Background: Large-scale pretrained vision-language models have demonstrated strong cross-category generalization in zero-shot anomaly detection (ZSAD). Existing methods achieve cross-category detection by fine-tuning on a single auxiliary dataset.
Limitations of Prior Work: (i) Static learnable tokens find it difficult to capture the continuous and diverse patterns of normal and abnormal states, limiting generalization to unseen categories; (ii) category information provided by fixed text labels is too sparse, making the model prone to overfitting in specific semantic subspaces.
Key Challenge: Prompt learning eliminates the need for manual prompt engineering, but its static nature and sparsity become bottlenecks for generalization—normal/abnormal states are continuous and variable, while the category label space itself is highly sparse.
Goal: Design a dynamic prompt synthesis framework based on visual feature conditioning, enabling prompts to adaptively model the state and category information of the input image.
Key Insight: Decompose prompts into three parts: context words, state words, and category words.
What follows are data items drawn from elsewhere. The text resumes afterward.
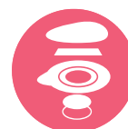
Sensore in argento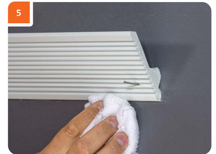
При необходимости места примыкания изделия к стене и потолку протереть тканью.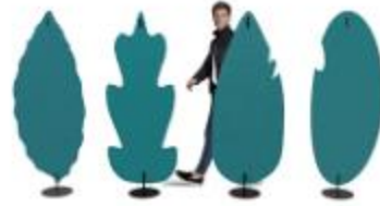
FELT , PARTITION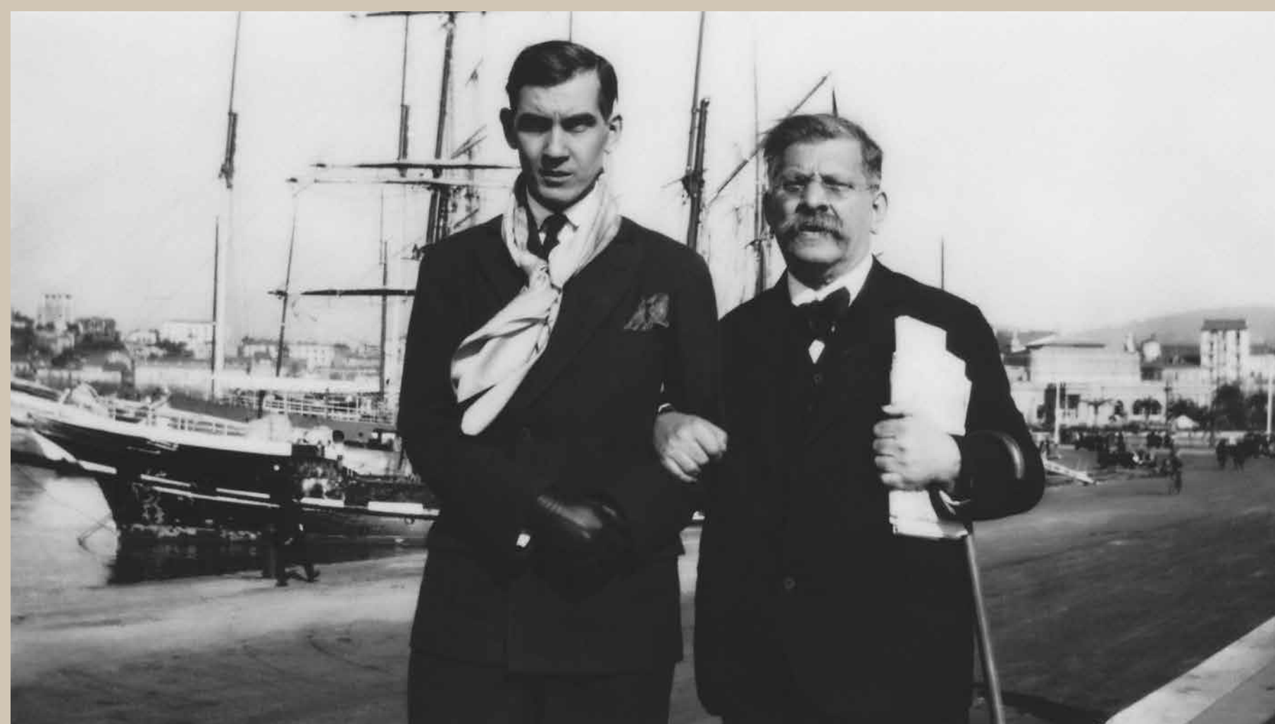
Magnus Hirschfeld et Karl Giese à Nice, début 1934.

Durant les premières semaines, Hirschfeld loge à l'Hôtel de la Méditerranée, 25 promenade des Anglais, dans une chambre avec vue sur « la beauté infinie de la mer ». À partir du 1er février, il loue, d'abord pour une année, un appartement quelques mètres plus loin, dans le Gloria Mansions au 63 promenade des Anglais. Situé au 5e étage, orienté au sud avec vue sur la mer, il se trouve vraisemblablement à l'extrémité ouest du bâtiment.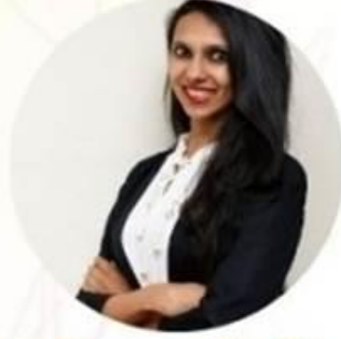
Preeyam Budhia India Water conservation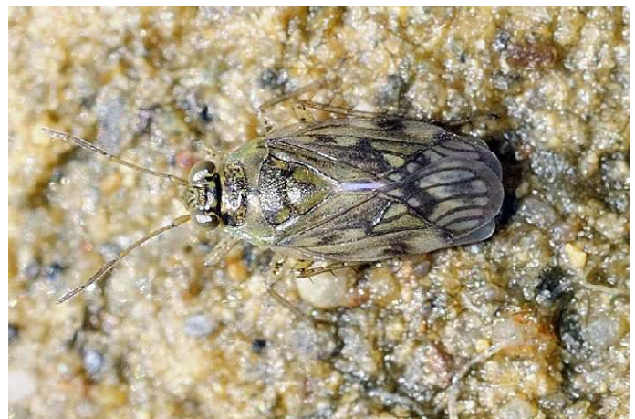
Figura 9. Pentacora sphacelata . Punta Entinas, 06.X.2012.

El género Pentacora reúne once especies (Larivière & Laroche 2019) que se distribuyen de forma disjunta por las regiones Neártica, Neotropical, Oriental y Australasia. Cinco se conocen de la región Neártica, una, P. sphacelata , vive en las regiones Neártica y Neotropical y ha sido introducida en la región Mediterránea Occidental, las restantes cinco especies viven en diferentes partes de las regiones Oriental y Australasia (Cobben 1980). A excepción de dos especies, P. ligata (Say, 1832) y P. ouachita Polhemus, 1993, el resto vive en hábitats halófilos (Polhemus 1993). P. sphacelata es el primer ejemplo de especie invasora de heterópteros en la Península ibérica. Se describió como nueva especie ( P. iberica Wagner, 1953) sobre un ejemplar de Alfacs en Tarragona (Wagner 1953) y en la región Paleártica se conoce del Mediterráneo occidental en la península ibérica, Cerdeña y el Norte de África: Marruecos (Péricart 1990; Lindskog 1995) y Túnez (Ponel et al. 2015). En la península ibérica se distribuye por las zonas costeras mediterráneas y atlánticas desde el Prat de Llobregat hasta Coímbra (Péricart 1990).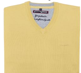
02 Amber yellow*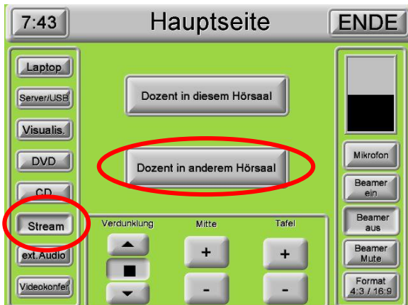
1. Wählen Sie bitte „Stream“ und danach „Dozent in anderem Hörsaal“ aus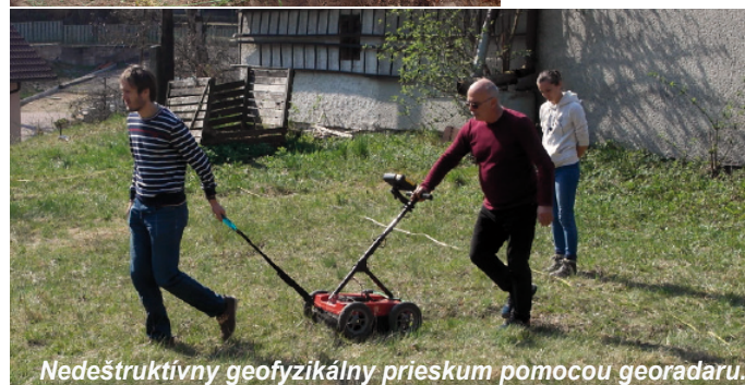
Nedeštruktívny geofyzikálny prieskum pomocou georadaru.

Styk, Phd., skúma, fotí, dokladuje, archivuje. Čas na cigaretku. Bože, kde sú tie oblaky!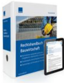
Rechtshandbuch Bauwirtschaft Ladenpreis: 239,80EUR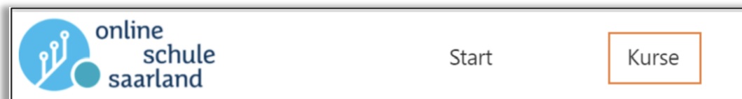
Abbildung 2: Wechsel zum korrekten (Schul-) Bereich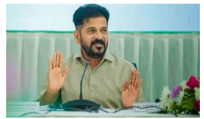
కార్పొరేట్ ఆఫీసర్ నిర్మాణానికి ఆసక్తి చూపించారు. పార్కింగ్ వ్యాపారంలోకి వచ్చే అంశాన్ని పరిశీలించాలని ఉబర్ సీఈఓకి సూచించారు ముఖ్యమంత్రి. దేశంలోని ప్రముఖ నగరాల్లో పార్కింగ్ సమస్యను ఉబర్ ప్రతినిధుల దృష్టికి తీసుకువచ్చారు సీఎం. భవిష్యత్తు అవసరాల దృష్ట్యా చీఫ్ లెవల్ పార్కింగ్ సెంటర్లు ఏర్పాటు చేస్తే బాగుంటుందని సూచించారు. సీఎం సూచనలపై సమగ్ర అధ్యయనం చేస్తామని ఉబర్ ప్రతినిధులు తెలిపారు.

హైదరాబాద్, మే 13 : తెలంగాణ ముఖ్యమంత్రి రేవంత్ రెడ్డితో జూబ్లీహిల్స్ నివాసంలో ఉబర్ సంస్థ చీఫ్ ఎగ్జిక్యూటివ్ ఆఫీసర్ దారా ఖోస్లాపాపా ఈరోజు (బుధవారం) సమావేశం అయ్యారు. ఈ భేటీలో పలు కీలక అంశాలపై చర్చించారు. ఈ సమావేశంలో ఉబర్ చీఫ్ బిజినెస్ ఆఫీసర్ మధు కన్నన్, ఉబర్ ఇండియా, సౌత్ ఆసియా ప్రెసిడెంట్ ప్రభాకర్ సింగ్, చీఫ్ టెక్నాలజీ ఆఫీసర్ ప్రవీణ్ నిమ్మిర్ల నాగ, సీఎం ప్రత్యేక కార్యదర్శి అజిత్ రెడ్డి పాల్గొన్నారు. ఉబర్ విస్తరణకు రాష్ట్ర ప్రభుత్వంతో కలిసి ముందుకు సాగుతామని సీఈఓ ఖోస్లాపాపా స్పష్టం చేశారు. హైదరాబాద్లో ఉబర్ సెంటర్ ఆఫ్ ఎక్స్టెన్షన్ ను విస్తరిస్తున్నట్లు సీఎం రేవంత్ రెడ్డికి ఉబర్ సీఈఓ తెలిపారు. అమెరికా వెలుపల ఏర్పాటు చేసిన ఈ మొదటి సెంటర్లో 600 మంది ఇంజనీర్లు పనిచేస్తున్నారని సీఈఓ వివరించారు. భారత్ ఫ్యూచర్ సీటీలో ఉబర్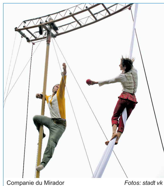
Compagnie du Mirador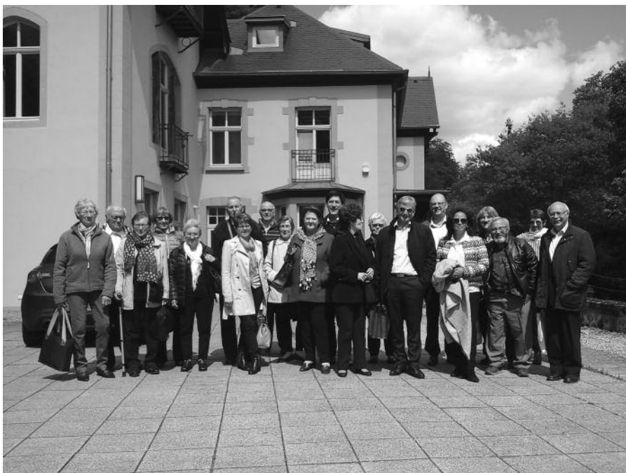
Sortie paroissiale au Luxembourg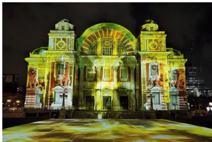
大阪市中央公会堂壁面プロジェクションマッピング

20年目を迎えるOSAKA光のルネサンスは、水都大阪のシンボル中之島に広がる水辺の風景を活かした光のプログラムを展開。3年ぶりに大阪中央公会堂壁面プロジェクションマッピングや光のマルシェを実施したほか、台南政府観光旅游局「光・彩り台南」やUMEDA MEETS HEART2022「BIGスノーマンin中之島」、高知光のフェスタ「高知城植物図鑑」など、地域等と連携したコンテンツを実施。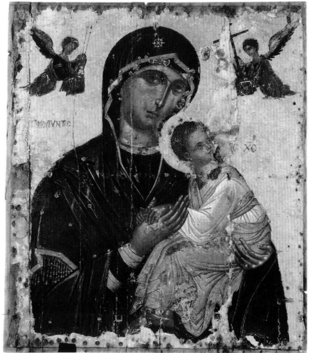
Εικ. 6. Μουσείο Ζακύνθου. Η Παναγία του Πάθους.

Η Παναγία εικονίζεται σε προτομή, με πορφυρό μαφόρι και βαθυπράσινο φόρεμα. Με έκφραση βαθιάς θλίψης γέρνει ελαφρά το κεφάλι προς το Βρέφος, που κάθεται άνετα στο αριστερό της χέρι. Φορεί λευκόφαιο χιτώνα, σταρόχρωμο μιάτιο με χρυσοκονδυλιές και κόκκινη ζώνη και κρατεί με τα δυο του χέρια το δεξί της μητέρας του. Τα πόδια του είναι σταυρωμένα, το δεξί πέλμα ανεστραμμένο, με λυμένο το σανδάλι. Το κεφάλι του στρέφεται ζωηρά και κοιτάζει με φόβο τον αρχάγγελο Γαβριήλ, που εικονίζεται στην πάνω δεξιά γωνία κρατώντας, με τα χέρια καλυμμένα από το μιάτιο, σταυρό. Στην αριστερή γωνία ο αρχάγγελος Μιχαήλ φέρει με όμοιο τρόπο σκεύος με το ξίδι και τη χολή, το σπόγγο και τη λόγχη. Στο χρυσό κάμπο της εικόνας, δεξιά, διακρίνονται ίχνη από το πεντάστιχο επίγραμμα, που κατά κανόνα συνοδεύει την παράσταση και συνδέει τον Ευαγγελισμό με το μελλοντικό Πάθος του Κυρίου, ενώ οι επιγραφές ΗΜΟΛΥΝΤΟC και ΙC ΧC είναι μεταγενέστερες προσθήκες.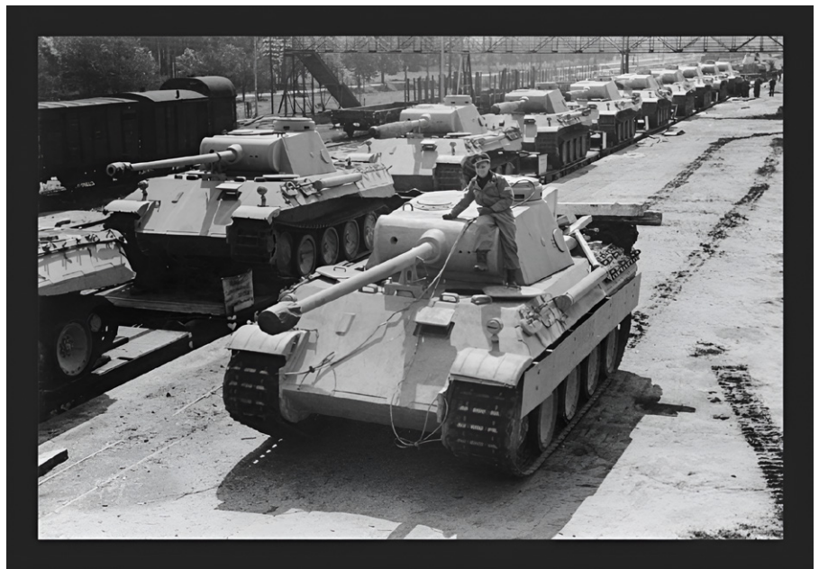
Der von der faschistischen deutschen Wehrmacht während des Krieges entwickelte neue Panzerkampfwagen Typ "Panther". UBz: die Verladung neuer "Panther"-Panzerkampfwagen zum Transport an die Front, 1943.

Über die Jahrhunderte hat Russland verschiedene Attacken auf ihre verwundbare Flanke im Westen erlebt. Und in der jüngeren Geschichte durch Napoleon und Hitler. Es ist keine Überraschung, dass Russen in Bezug auf diese blutige Geschichte sehr empfindlich sind. Haben Bill Burns et al das durchdacht? Haben sie geglaubt, dass Putin sich durch einen Einmarsch der NATO in Russland „herausgefordert“ fühlen würde, und dass er bei einem weiteren Vorstoß einknicken und einem „eingefrorenen“ Ausgang in der Ukraine zustimmen würde – mit dem Beitritt der Ukraine zur NATO? Vielleicht haben sie das.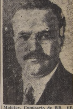
Molotov, Comisario de RR. EE. soviético

Aún cuando la denuncia no constituye un rompimiento de relaciones, el Gobierno soviético ha dejado en claro que considera a Japón como un "cuasi-enemigo". El pacto fue firmado el 13 de abril de 1941 por un período de cinco años y entró en vigencia cuando la aprobación por las dos partes estuvo completa el 24 de abril. Desde entonces, el pacto ha sido renovado en la medianoche del 24 al 25 de abril de 1945 y de acuerdo con lo estipulado se lo consideraba automáticamente prorrogado por igual lapso si una de las partes no notificaba a la otra su decisión de abrogarlo, notificación que debió hacerse con un año de anticipación. La denuncia de hoy significa, por otra parte que "técnicamente" el pacto sigue vigente hasta abril del próximo año.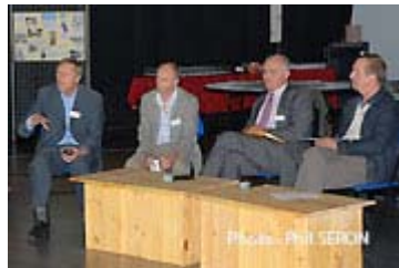
Les explications sont nombreuses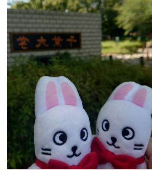
西千葉校區的代表獸にし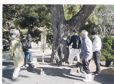
樹木健康診断(南伊勢町 方座浦)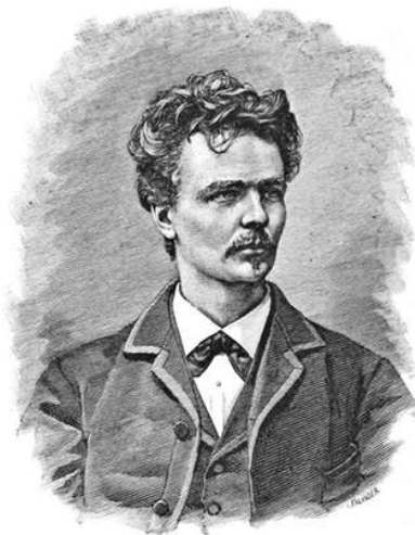
En gravyr av en ung August Strindberg.

Den mörka synen på familjen som institution förstärktes av moderns död 1862, och faderns omgifte med familjens unga hushållerska, som snart blev den känslige tonåringens bittra fiende.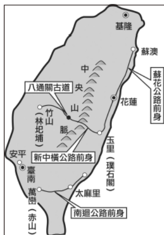
▲ 沈葆楨時期的建設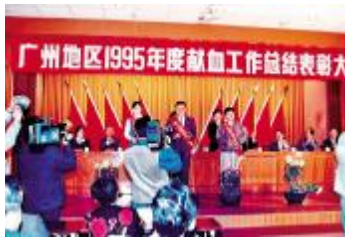
广州地区1995年度献血工作总结表彰大会。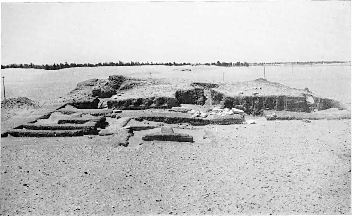
A. — Balat : Mastaba M.II. Façade du monument vue d'est en ouest (§ 639).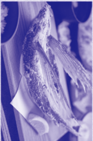
2. 飛魚の唐揚げ御膳 オリーブ油で一夜干しし、余分な水分を省いて 旨味を増した飛魚を揚げて、一匹まるごと 唐揚げにしました。羽先も是非一度ご賞味下さい。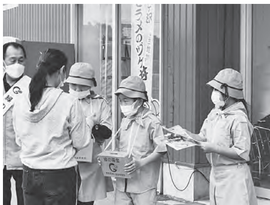
募金にご協力いただきありがとうございました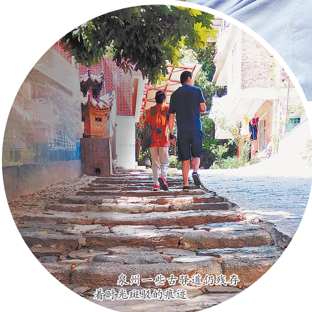
泉州一些古驿道仍留存,看时光斑驳的痕迹。

北宋蔡襄的《荔枝谱》说:“荔枝之于天下,唯闽粤、南粤、巴蜀有之。”又称:“(荔枝)闽中唯四郡有之,福州最多而兴化军最为奇特,泉州亦知名。”泉州荔枝在北宋时已经名声在外了。《荔枝话》更是描述泉州荔为“红糯半解味殷勤,白哲单衣梦亦芬”,认为泉荔“只此甘和压众香”。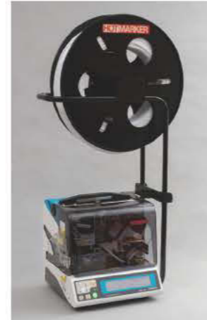
■ TH400 本体上部空間を利用し チューブを安定供給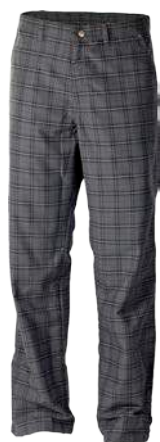
Outdoor Stuff CHESS ČERNÁ KOSTKA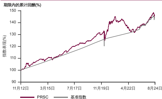
表现指标图截至2024年8月30日*

2012年10月至2024年8月 净资产值 - 净资产价格和假设收入再投资到基金, 其总投资是以马币为基础。基金价格和收益(视情形而定)随时波动 过去表现不应视为未来表现的准则。 来源:晨星星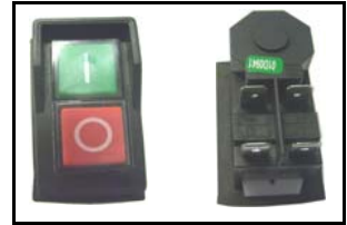
Interruttore di sicurezza safety switch Bobina minima tensione/ min voltage coil CODICE/CODE: 1992 V 230 - 16 A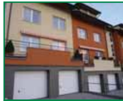
Byt 2+kk, Bilovice nad Svitavou Brno-venkov. Novostavba bytu OV 2+kk, 69 m 2 a balkon 4,5 m 2 , 2x parkovací stání 24 m 2 , výtah, obložkové zárubně, plovoucí podlahy, dlažba, vlastní plynový kotel. Kuch. linka včetně el. spotřebičů. 2 500 000 Kč ☎ 725 640 083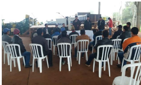
Charla Técnica: Productores de Algodón

The context words are shared, while the latter two are dynamically generated based on visual features.
Core Idea: Achieve vision-conditioned dynamic prompt synthesis by extracting normal/abnormal prototypes from local features to inject into state words (explicitly) and sampling from global features via a VAE to inject into category words (implicitly).

Method¶

Overall Architecture¶

The motivation of CoPS is that existing prompt learning methods fix prompts as "context words + static state words + fixed category labels," where state and category words do not vary with the input image. Consequently, they fail to capture continuous normal/abnormal patterns and are restricted by sparse category labels. CoPS decomposes the prompt into three segments—context words are shared across all categories, while state words and category words are synthesized on-the-fly based on the visual features of the current image. Specifically, the input image passes through a frozen CLIP vision encoder to obtain global features \(\mathbf{g}\) and local features \(\mathbf{F}\). ESTS extracts normal/abnormal prototypes from local features \(\mathbf{F}\) to fill state words (explicit path), and ICTS uses a VAE to sample \(R\) groups from global features \(\mathbf{g}\) to fill category words (implicit path). The dynamic prompts from both paths are fed into a learnable text encoder. SAGA then aligns text and images at both global and pixel levels, ultimately outputting an image-level anomaly score \(s_{\text{cls}}\) and a pixel-level anomaly map \(\mathcal{S}_{\text{seg}}\).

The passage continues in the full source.